++++ Data records ++++

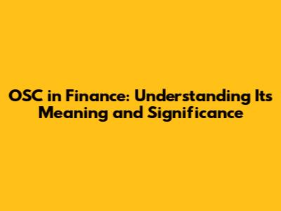 OSC In Finance: Understanding Its Meaning And Significance
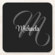 Minimalistic modern monogram initial name square paper coaster
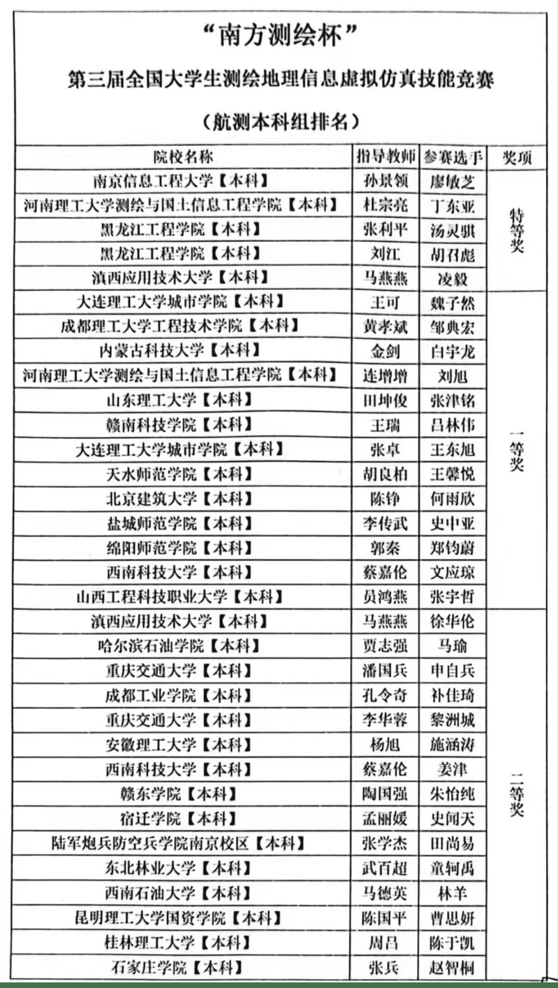 我院喜获第三届全国测绘地理信息大学生虚拟仿真技能竞赛一等奖
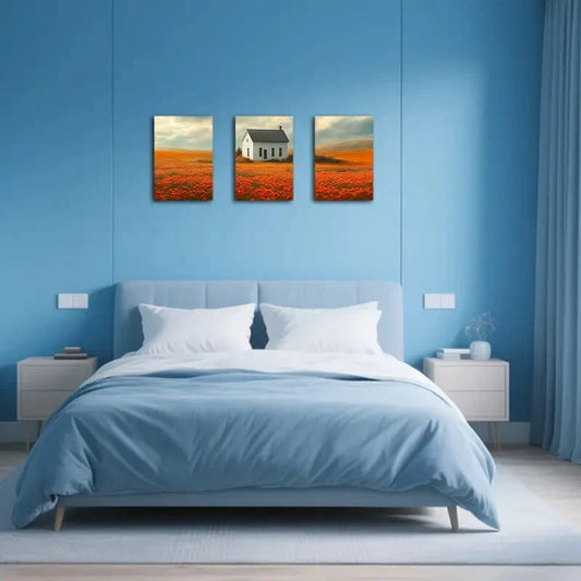 3pcs Single Home In a Painting Abstract Art Metal Print Ready to Hang Art
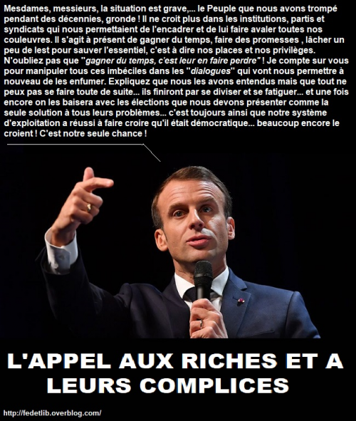 Comme s’il y avait besoin d’exciter les gilets jaunes artificiellement ! comme si l’attitude du pouvoir ne suffisait pas ! "on" nous prend vraiment pour des cons !
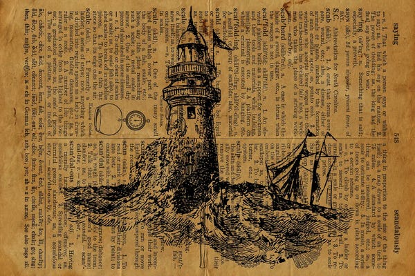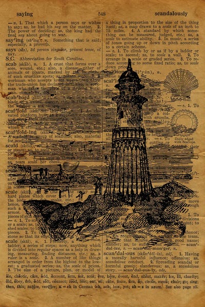 Lighthouse Etching On Old Paper
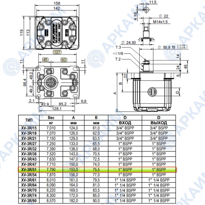 Гидронасос Vivoil X3P8101AEEA (XV-3P/51) 3 гр, 50.88 см3, до 111.17 л/мин, 1" BSPP, левое вращение
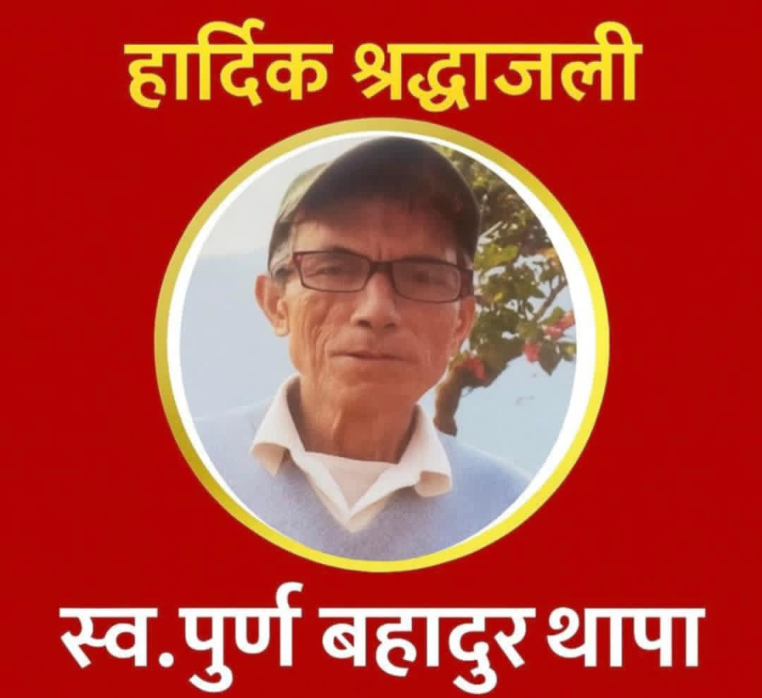 उहाँका पिता पुर्ण बहादुर थापाको 2082 साउन 27 मा 70 वर्षको उमेरमा प्युठान जिल्ला, झिमरुक गाउँपालिका ६, निन्यूखर्कमा असामयिक निधन भएको खबरले नगर समिति भिवाडी गहिरो दुरूख व्यक्त गर्दछ।
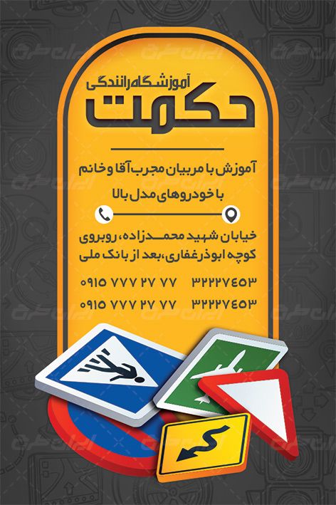مشخصات فنی طرح کارت ویزیت آموزشگاه رانندگی
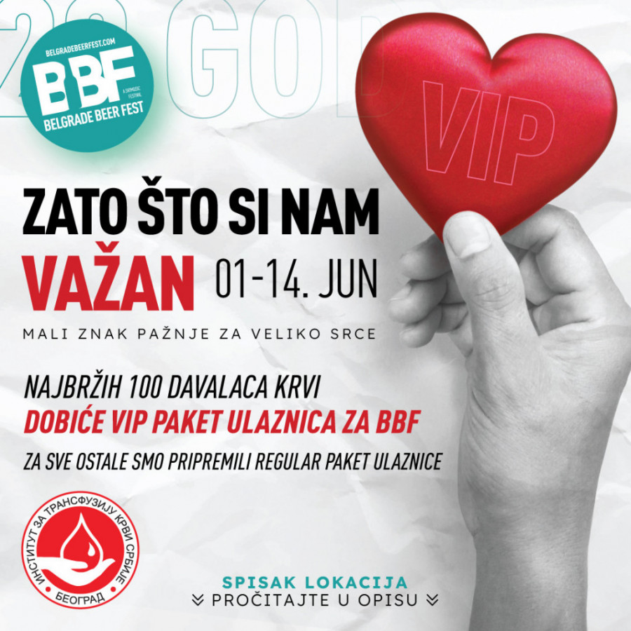 Akcija, pod imenom „Zato što si nam važan“ ima za cilj da nagradi humanost i da se na simboličan način oduži pojedincima koji pružaju podršku zajednici, te će prvih 100 dobrovoljnih davalaca krvi na poklon dobiti 100 VIP paketa ulaznica, dok će narednih 1000 biti darivano regular paketima ulaznica za sve dane Belgrade Beer Fest-a.

++++

• _Exercise requirements_: In your copy of the records above, include no pictures and match every line exactly.

• _Written solution_:
 OSC In Finance: Understanding Its Meaning And Significance
 Minimalistic modern monogram initial name square paper coaster
 我院喜获第三届全国测绘地理信息大学生虚拟仿真技能竞赛一等奖
 3pcs Single Home In a Painting Abstract Art Metal Print Ready to Hang Art
 Comme s’il y avait besoin d’exciter les gilets jaunes artificiellement ! comme si l’attitude du pouvoir ne suffisait pas ! "on" nous prend vraiment pour des cons !
 Lighthouse Etching On Old Paper
 Гидронасос Vivoil X3P8101AEEA (XV-3P/51) 3 гр, 50.88 см3, до 111.17 л/мин, 1" BSPP, левое вращение
 उहाँका पिता पुर्ण बहादुर थापाको 2082 साउन 27 मा 70 वर्षको उमेरमा प्युठान जिल्ला, झिमरुक गाउँपालिका ६, निन्यूखर्कमा असामयिक निधन भएको खबरले नगर समिति भिवाडी गहिरो दुरूख व्यक्त गर्दछ।
مشخصات فنی طرح کارت ویزیت آموزشگاه رانندگی
 Akcija, pod imenom „Zato što si nam važan“ ima za cilj da nagradi humanost i da se na simboličan način oduži pojedincima koji pružaju podršku zajednici, te će prvih 100 dobrovoljnih davalaca krvi na poklon dobiti 100 VIP paketa ulaznica, dok će narednih 1000 biti darivano regular paketima ulaznica za sve dane Belgrade Beer Fest-a.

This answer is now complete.